The whole listing, exactly as given: write it out, leaving out each image.

• **The data**:
========================

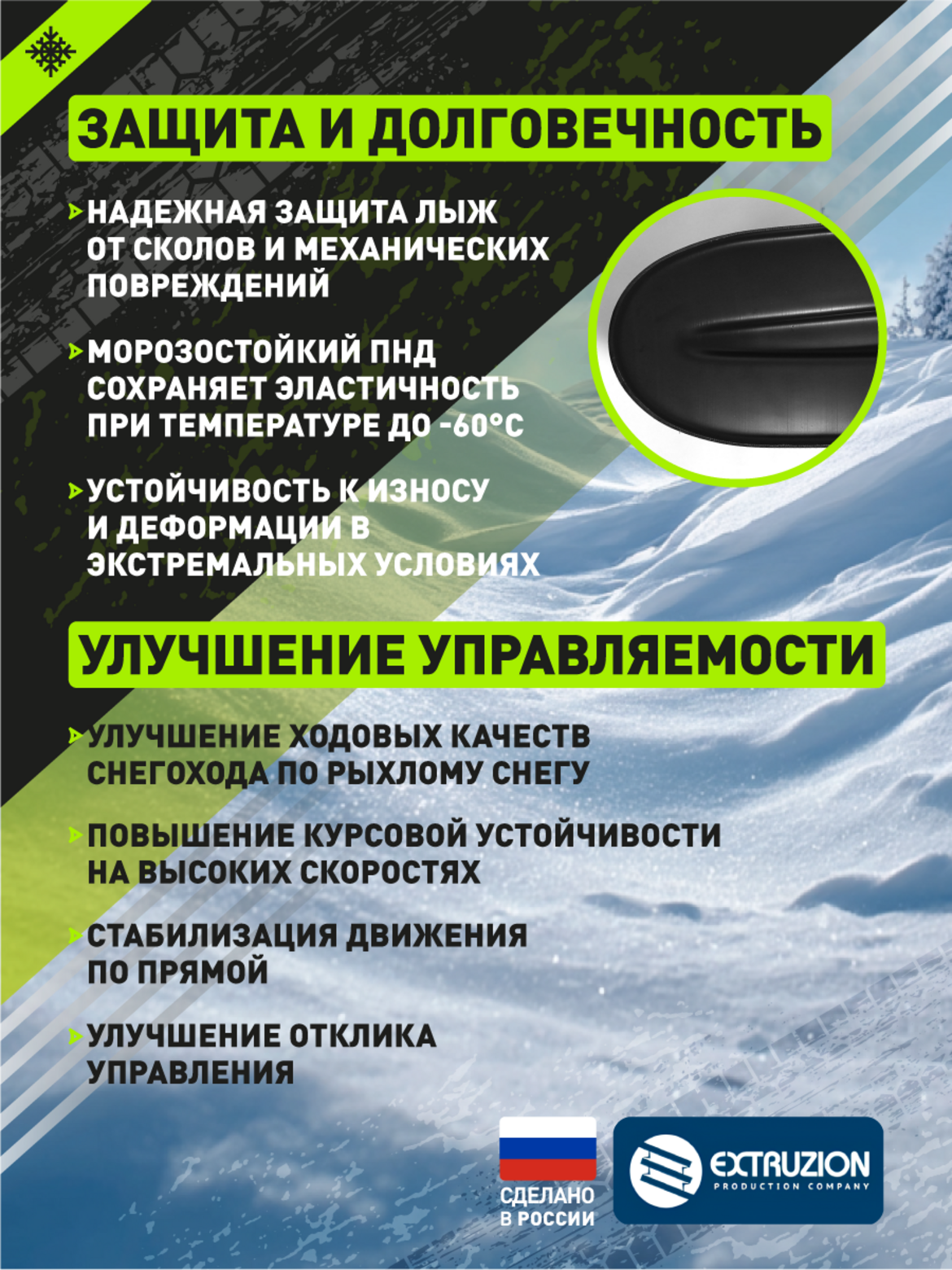• • Уменьшение износа оригинальных лыж и элементов подвески
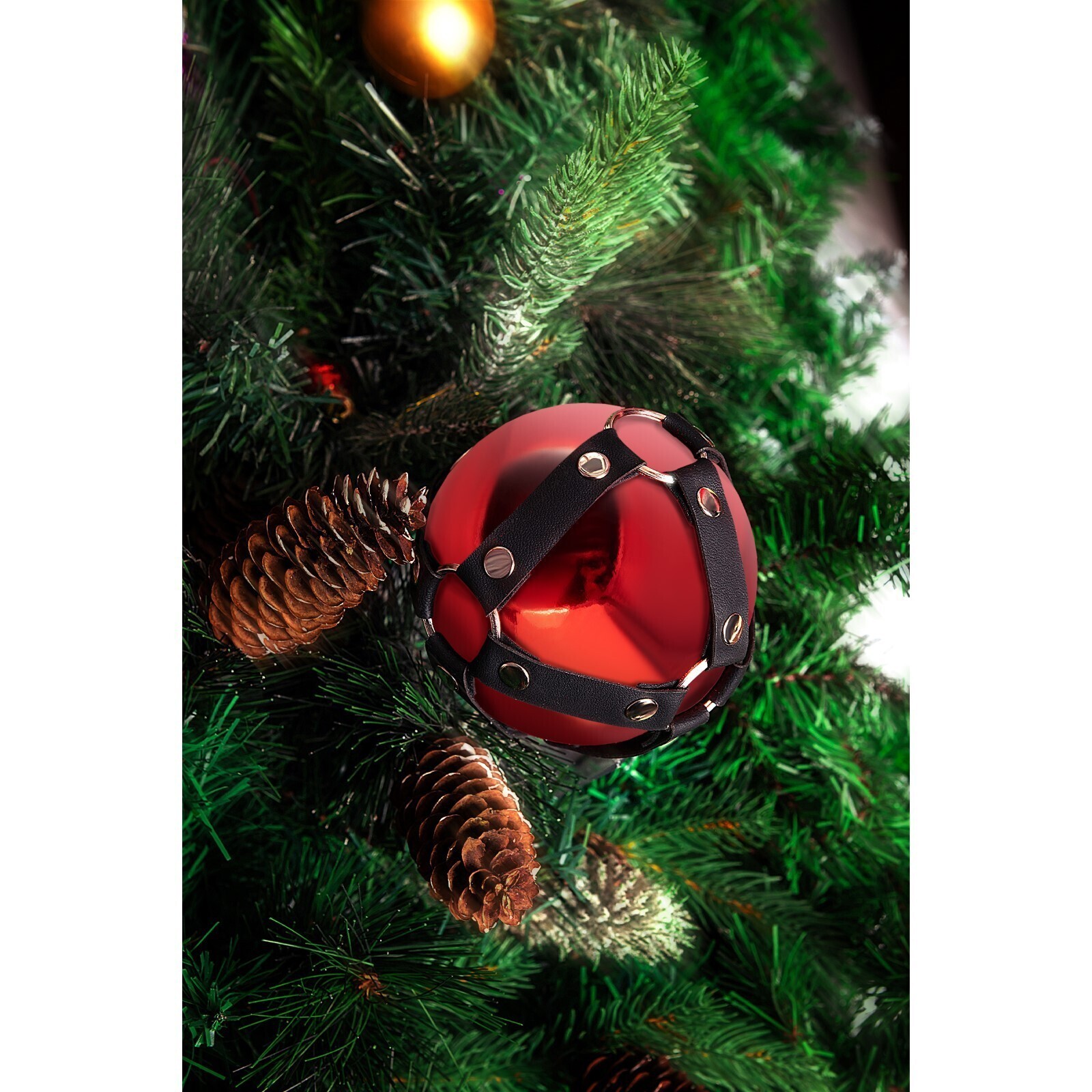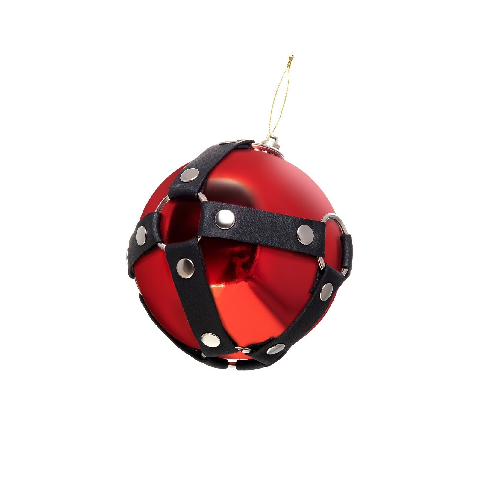 Эта ёлочная игрушка подарит не только новогоднее настроение, но и возбуждающую атмосферу! Глянцевый шар огненно-красного цвета изготовлен из качественного, прочного пластика. Кожаные ремни по всей поверхности выполнены из натурального, экологичного материала. 22 элемента стальной фурнитуры дарят новогоднему украшению манящий эффект.
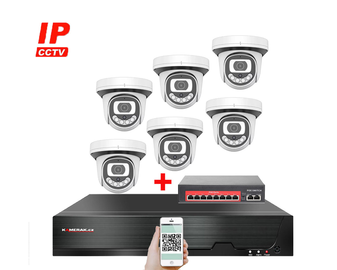 IP kamerový set s externím PoE pro jednoduché sestavení svépomocí. NVR v sobě nemá instalováno napájení kamer, které je řešeno pomocí switch. Lze tedy umístit switch (napájení IP kamer) na jiné místo než rekordér, který se následně připojuje k obrazovce/internetu.
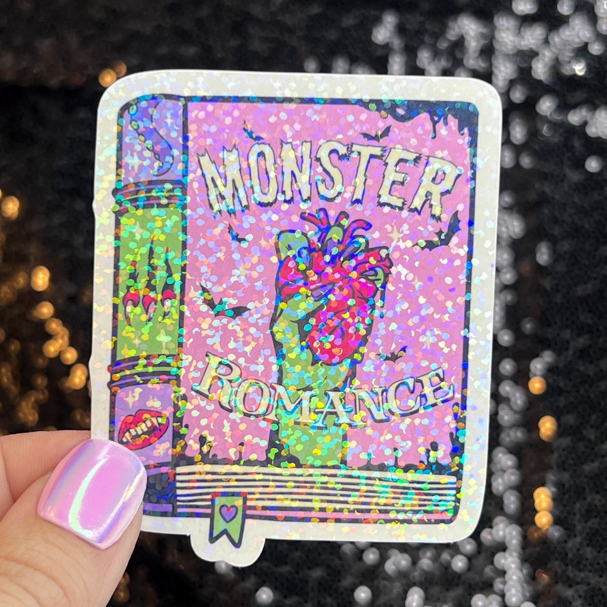 Monster Romance Sparkly Sticker Holographic Book Book Lover, Spicy Dark Romance, Booktok, kindle waterbottle laptop Romance Decal

========================

• **Result of the exercise**:
• • Уменьшение износа оригинальных лыж и элементов подвески
 Эта ёлочная игрушка подарит не только новогоднее настроение, но и возбуждающую атмосферу! Глянцевый шар огненно-красного цвета изготовлен из качественного, прочного пластика. Кожаные ремни по всей поверхности выполнены из натурального, экологичного материала. 22 элемента стальной фурнитуры дарят новогоднему украшению манящий эффект.
 IP kamerový set s externím PoE pro jednoduché sestavení svépomocí. NVR v sobě nemá instalováno napájení kamer, které je řešeno pomocí switch. Lze tedy umístit switch (napájení IP kamer) na jiné místo než rekordér, který se následně připojuje k obrazovce/internetu.
 Monster Romance Sparkly Sticker Holographic Book Book Lover, Spicy Dark Romance, Booktok, kindle waterbottle laptop Romance Decal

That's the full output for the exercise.